▸ **Problem**
Your output should be the lines below from the one with "An impressionist-style watercolor" through the one with "巴基斯坦全军新闻局局长乔杜里", copied exactly, pictures excluded.

▸ **Supplied data**
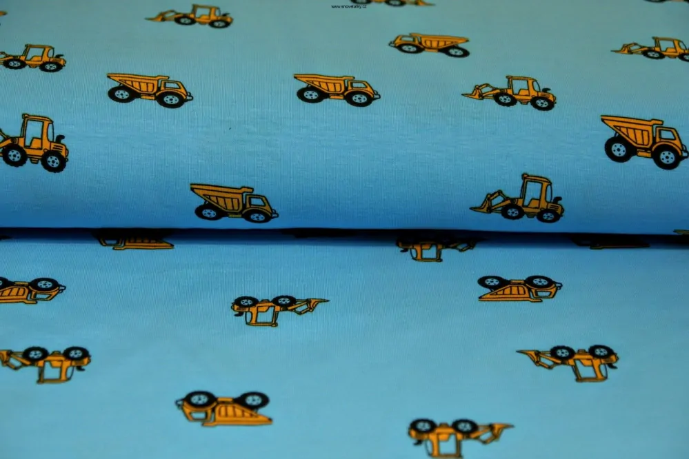 Úplet klučičí vzor žlutý nákladní auto na modréSkladem 10.2 bm210 Kč/ bm174 Kč bez DPH
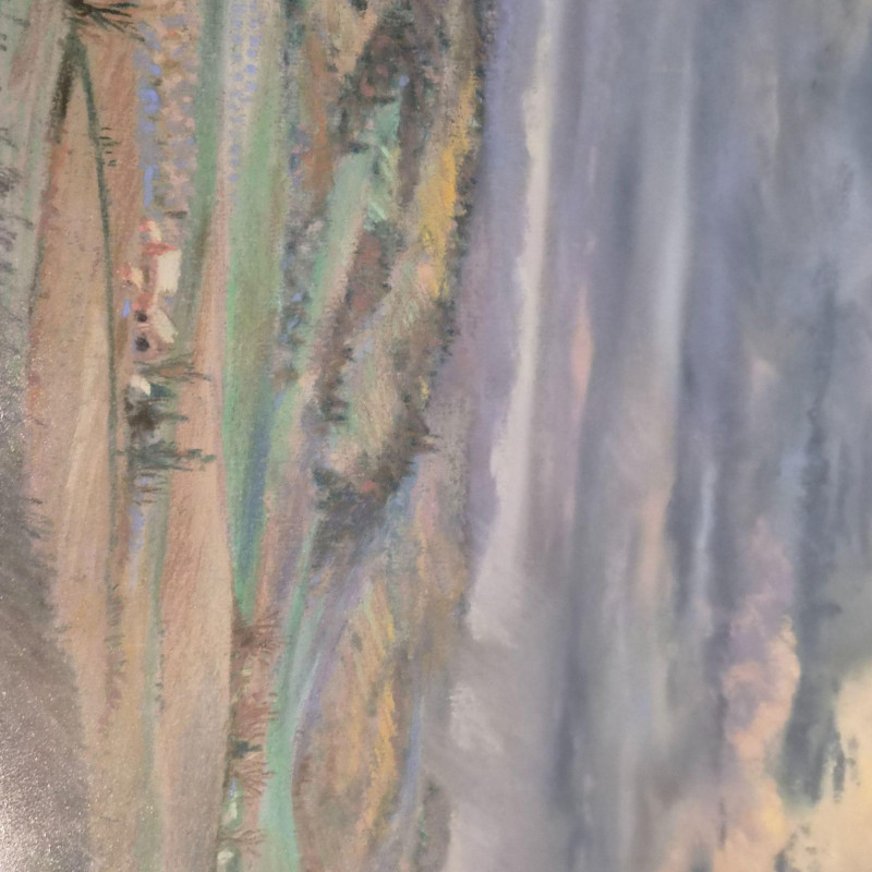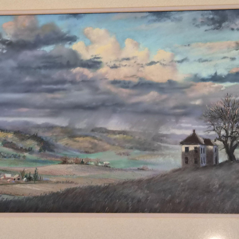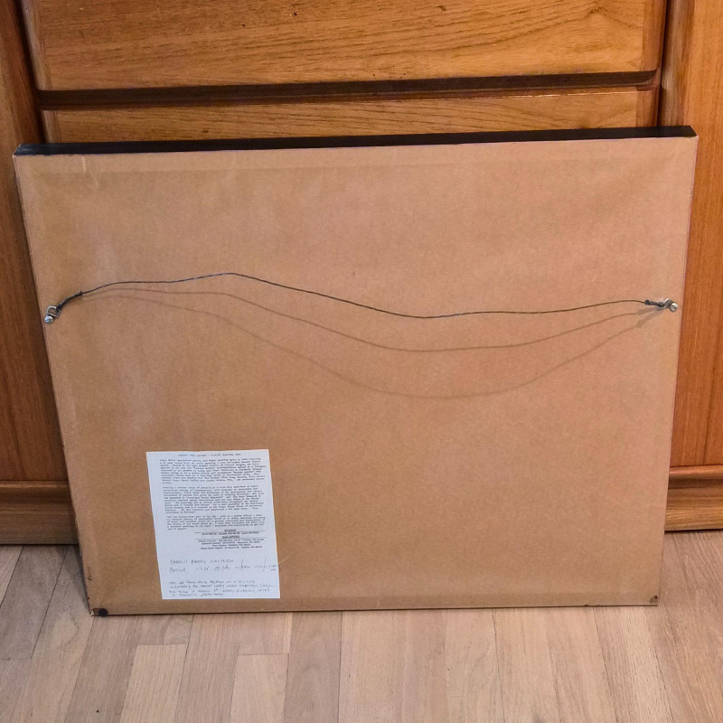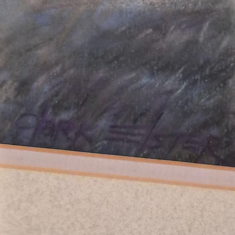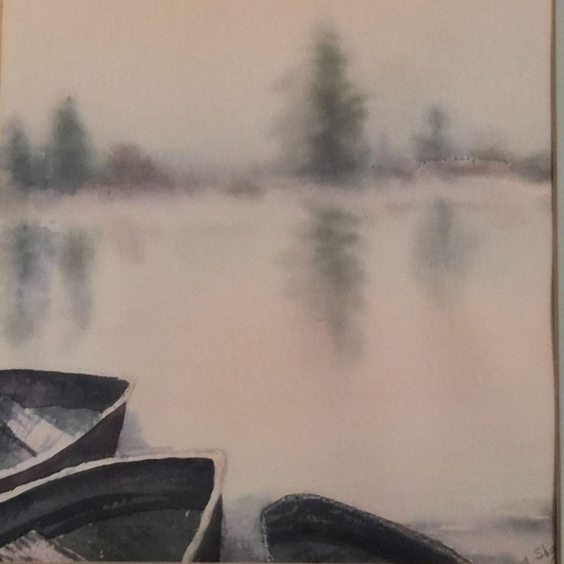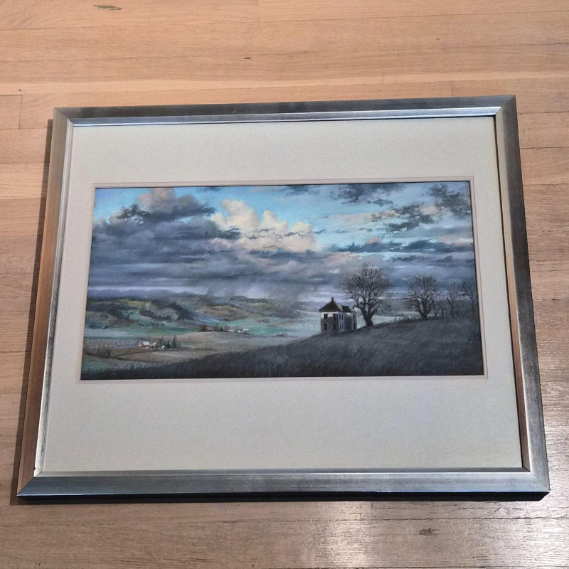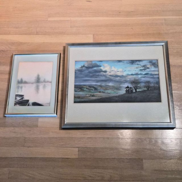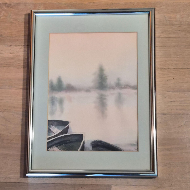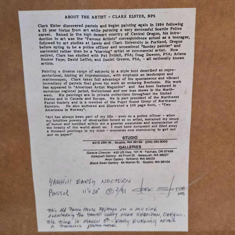 An impressionist-style watercolor painting Ethereal Morning: 19th Century Style Impressionist Watercolor - Foggy Landscape This evocative watercolor captures a moment of profound stillness. The artist utilizes a masterful impressionist technique to render several dark rowing boats anchored in the foreground, their forms grounded against a soft, atmospheric mist. Beyond the water, silhouetted trees emerge from the fog, creating a sense of depth and quiet mystery. Signature Note: The piece is signed by the artist, though the signature is currently tucked partially beneath the frame, adding an air of undiscovered provenance. Measures 12" x 16". "Yamhill Early Nocturn" by Clark Elster (1991) - Atmospheric Oregon Landscape Description: A stunning example of Northwest regionalism, this original pastel by Clark Elster titled "Yamhill Early Nocturn" (February 1991) transports the viewer to the rolling hillsides of Oregon’s Yamhill Valley. The composition features a lone farmhouse braced against the drama of a stormy day. Elster’s use of light and shadow perfectly captures the "nocturn" transition—where the heavy, brooding sky meets the vibrant, wind-swept greens of the valley. Measures with frame 26" x 22".
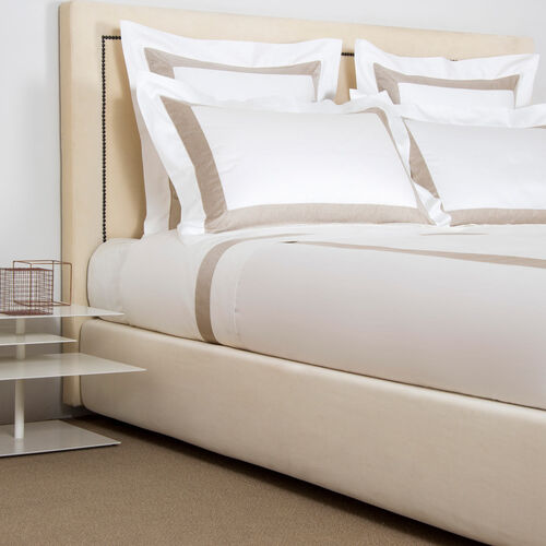 The warm, silk cotton sateen fabric of the Forever Border duvet cover makes your bed a beautiful oasis of peace and calm. The simple design and single hemstitch along the borders give this duvet cover an elegantly refined appearance that looks beautiful in a modern bedroom. Choose from a variety of duvet fillers from our selection, including down options and alternative fibres, to achieve your ideal night's sleep. Pure extra long staple cotton. Made in Italy.
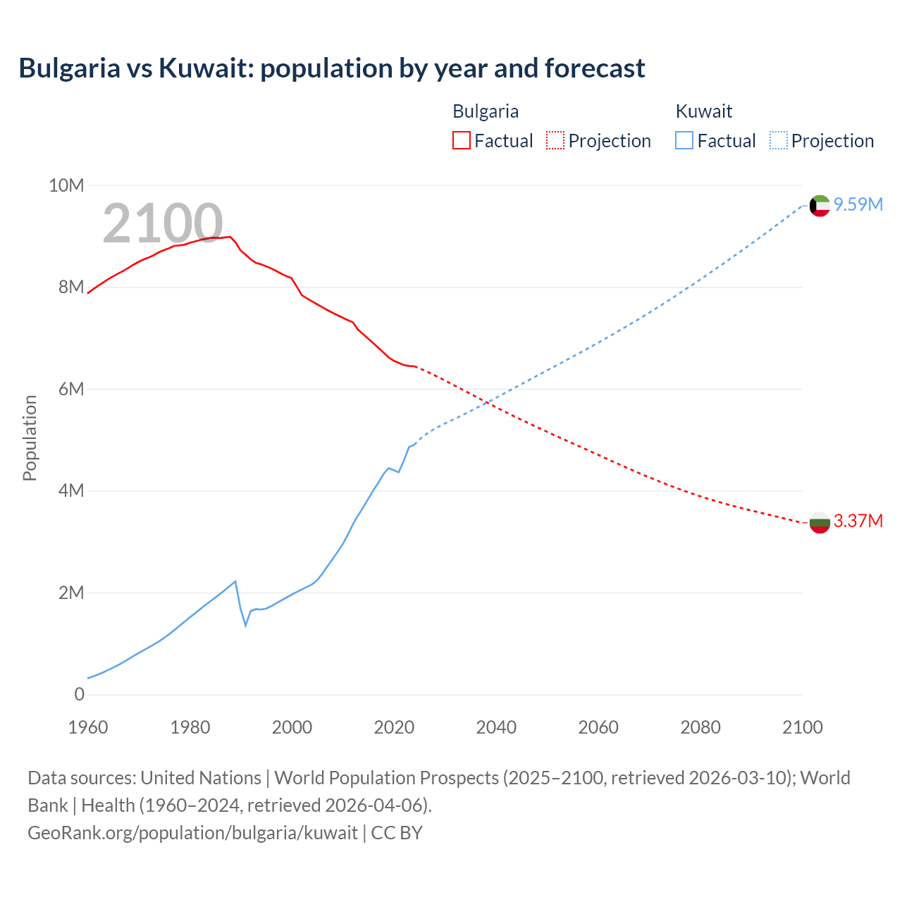 Bulgaria vs Kuwait: population by year and forecast
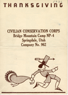 "THANKSGIVING DINNER, 1936, CIVILIAN CONSERVATION CORPS, BRIDGE MTN. CAMP NP-4, CO. 962, SPRINGDALE, UTAH (ZION NATIONAL PARK). TAN COLORED, WITH CARTOON ILLUS. OF PILGRIM WITH TURKEY-FRONT COVER. MENU, NAMES OF ARMY PERSONNEL AND CCC MEN-PRINTED INSIDE.
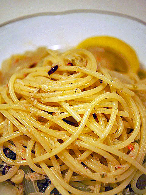 パスタが固めに茹で上がったら具材をいためた鍋にいれ、茹で汁、それからオリーブオイルを注ぎつつタプンタプンと濃度をつけて出来上がり。
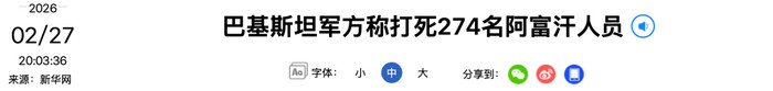 巴基斯坦全军新闻局局长乔杜里27日在新闻发布会上说,自26日晚间以来,巴安整个队已打死274名阿富汗东谈主员。
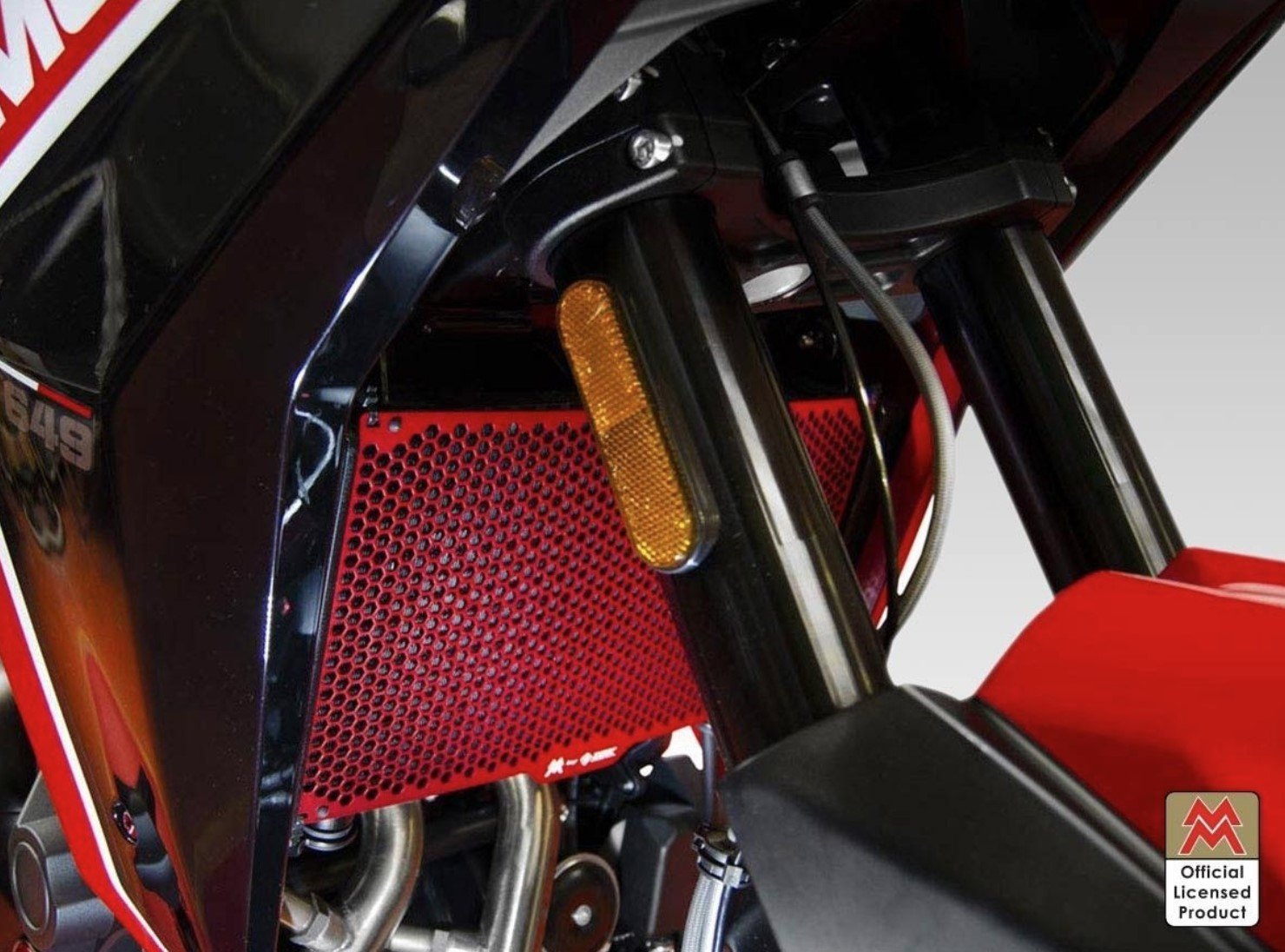 In laser-cut light alloy, colored surface anodizing.Ā It protects the water radiator in case of impact with stones or other objects, always maintaining the maximum cooling efficiency of the radiator.Ā All the small parts necessary for assembly are supplied.
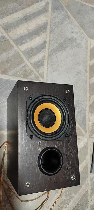 - 2 акустические колонки в деревянном корпусе (фронт фазоинвертора на лицевой панели). НЧ/СЧ-динамик с золотистой диффузорной вставкой, съёмная защитная сетка.

▸ **Task output**
 An impressionist-style watercolor painting Ethereal Morning: 19th Century Style Impressionist Watercolor - Foggy Landscape This evocative watercolor captures a moment of profound stillness. The artist utilizes a masterful impressionist technique to render several dark rowing boats anchored in the foreground, their forms grounded against a soft, atmospheric mist. Beyond the water, silhouetted trees emerge from the fog, creating a sense of depth and quiet mystery. Signature Note: The piece is signed by the artist, though the signature is currently tucked partially beneath the frame, adding an air of undiscovered provenance. Measures 12" x 16". "Yamhill Early Nocturn" by Clark Elster (1991) - Atmospheric Oregon Landscape Description: A stunning example of Northwest regionalism, this original pastel by Clark Elster titled "Yamhill Early Nocturn" (February 1991) transports the viewer to the rolling hillsides of Oregon’s Yamhill Valley. The composition features a lone farmhouse braced against the drama of a stormy day. Elster’s use of light and shadow perfectly captures the "nocturn" transition—where the heavy, brooding sky meets the vibrant, wind-swept greens of the valley. Measures with frame 26" x 22".
 The warm, silk cotton sateen fabric of the Forever Border duvet cover makes your bed a beautiful oasis of peace and calm. The simple design and single hemstitch along the borders give this duvet cover an elegantly refined appearance that looks beautiful in a modern bedroom. Choose from a variety of duvet fillers from our selection, including down options and alternative fibres, to achieve your ideal night's sleep. Pure extra long staple cotton. Made in Italy.
 Bulgaria vs Kuwait: population by year and forecast
 "THANKSGIVING DINNER, 1936, CIVILIAN CONSERVATION CORPS, BRIDGE MTN. CAMP NP-4, CO. 962, SPRINGDALE, UTAH (ZION NATIONAL PARK). TAN COLORED, WITH CARTOON ILLUS. OF PILGRIM WITH TURKEY-FRONT COVER. MENU, NAMES OF ARMY PERSONNEL AND CCC MEN-PRINTED INSIDE.
 パスタが固めに茹で上がったら具材をいためた鍋にいれ、茹で汁、それからオリーブオイルを注ぎつつタプンタプンと濃度をつけて出来上がり。
 巴基斯坦全军新闻局局长乔杜里27日在新闻发布会上说,自26日晚间以来,巴安整个队已打死274名阿富汗东谈主员。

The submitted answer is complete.